My goal is to have one or two nodes, and one puppetmaster. I used a bash script to provision each node with the puppetlabs repository and install the latest version of puppet and/or puppetmaster. But every time I try to run puppet agent --test on the node, it returns this error:

root@vm:~# puppet agent --test
Error: Could not request certificate: Connection refused - connect(2)
Exiting; failed to retrieve certificate and waitforcert is disabled
  • I've confirmed that the puppetmaster service is running.
  • I don't turn on the node until the master is up.
  • Running puppet cert list shows no certs waiting to be approved on the puppetmaster.
  • My /etc/hosts files have the ip addresses and hostnames configured correctly.
  • /etc/puppet/puppet.conf looks right.
  • I can ping the node from the master, and the other way around.
  • iptables --list shows no firewall rules.

Is it that Vagrant/Virtualbox can't figure out how to deal with port 8140? The error says 'connection refused', so I thought it was a firewall issue.
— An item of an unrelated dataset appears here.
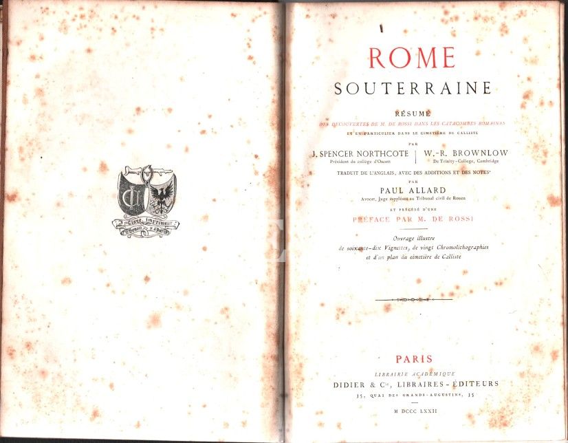 ROME SOUTERRAINE, J. Spencer Northcote - W. R. Brownlow - Paul Allard, İngilizceden Fransızcaya çeviren: M. De Rossi, Didier & Cie Libraires, Paris - 1872, 517 sayfa + görsel ekleri, 16x22 cm

But there's no firewall...

So, where did I screw up?

Here's my Vagrantfile:

Vagrant.configure("2") do |config|

  config.vm.define :puppetmaster do |puppetmaster|
    puppetmaster.vm.box = "ubuntu-server-12042-x64-vbox4210-nocm"
    puppetmaster.vm.box_url = "http://puppet-vagrant-boxes.puppetlabs.com/ubuntu-server-12042-x64-vbox4210-nocm.box"
    puppetmaster.vm.network :private_network, ip: "192.168.77.1"
    #puppetmaster.vm.network :forwarded_port, guest: 80, host: 20001
    #puppetmaster.vm.network :forwarded_port, guest: 443, host: 24431
    #puppetmaster.vm.network :forwarded_port, guest: 22, host: 20022
    puppetmaster.vm.hostname = "vm.puppetmaster.lab"
    puppetmaster.vm.provision :shell, :path => "master-bootstrap.sh"
    puppetmaster.vm.synced_folder "modules/", "/etc/puppet/modules"
    puppetmaster.vm.synced_folder "manifests/", "/etc/puppet/manifests"
  end

  config.vm.define :alpha do |alpha|
    alpha.vm.box = "ubuntu-server-12042-x64-vbox4210-nocm"
    alpha.vm.box_url = "http://puppet-vagrant-boxes.puppetlabs.com/ubuntu-server-12042-x64-vbox4210-nocm.box"
    alpha.vm.network :private_network, ip: "192.168.77.2"
    #alpha.vm.network :forwarded_port, guest: 22, host: 20023
    alpha.vm.hostname = "vm.alpha.lab"
    alpha.vm.provision :shell, :path => "alpha-bootstrap.sh"
  end


  config.vm.define :beta do |beta|
    beta.vm.box = "ubuntu-server-12042-x64-vbox4210-nocm"
    beta.vm.box_url = "http://puppet-vagrant-boxes.puppetlabs.com/ubuntu-server-12042-x64-vbox4210-nocm.box"
    beta.vm.network :private_network, ip: "192.168.77.3"
    #beta.vm.network :forwarded_port, guest: 22, host: 20024
    beta.vm.hostname = "vm.beta.lab"
    beta.vm.provision :shell, :path => "beta-bootstrap.sh"
  end
end

My node bootstrap bash script:

#!/usr/bin/env bash

wget http://apt.puppetlabs.com/puppetlabs-release-precise.deb
dpkg -i puppetlabs-release-precise.deb
apt-get update
#apt-get -y dist-upgrade
apt-get -y install puppet

echo '192.168.77.1 vm.puppetmaster.lab' >> /etc/hosts

echo '[agent]' >> /etc/puppet/puppet.conf
echo 'server=vm.puppetmaster.lab' >> /etc/puppet/puppet.conf
echo 'certname=vm.alpha.lab' >> /etc/puppet/puppet.conf

My master bootstrap bash script:

#!/usr/bin/env bash

wget http://apt.puppetlabs.com/puppetlabs-release-precise.deb
dpkg -i puppetlabs-release-precise.deb
apt-get update
#apt-get -y dist-upgrade
apt-get -y install puppet
puppet apply /etc/puppet/manifests/default.pp

Note that I'm using a slightly modified puppet module from Pro Puppet to configure/install puppet/puppetmaster. That's why I run the puppet apply command in the master bootstrap script.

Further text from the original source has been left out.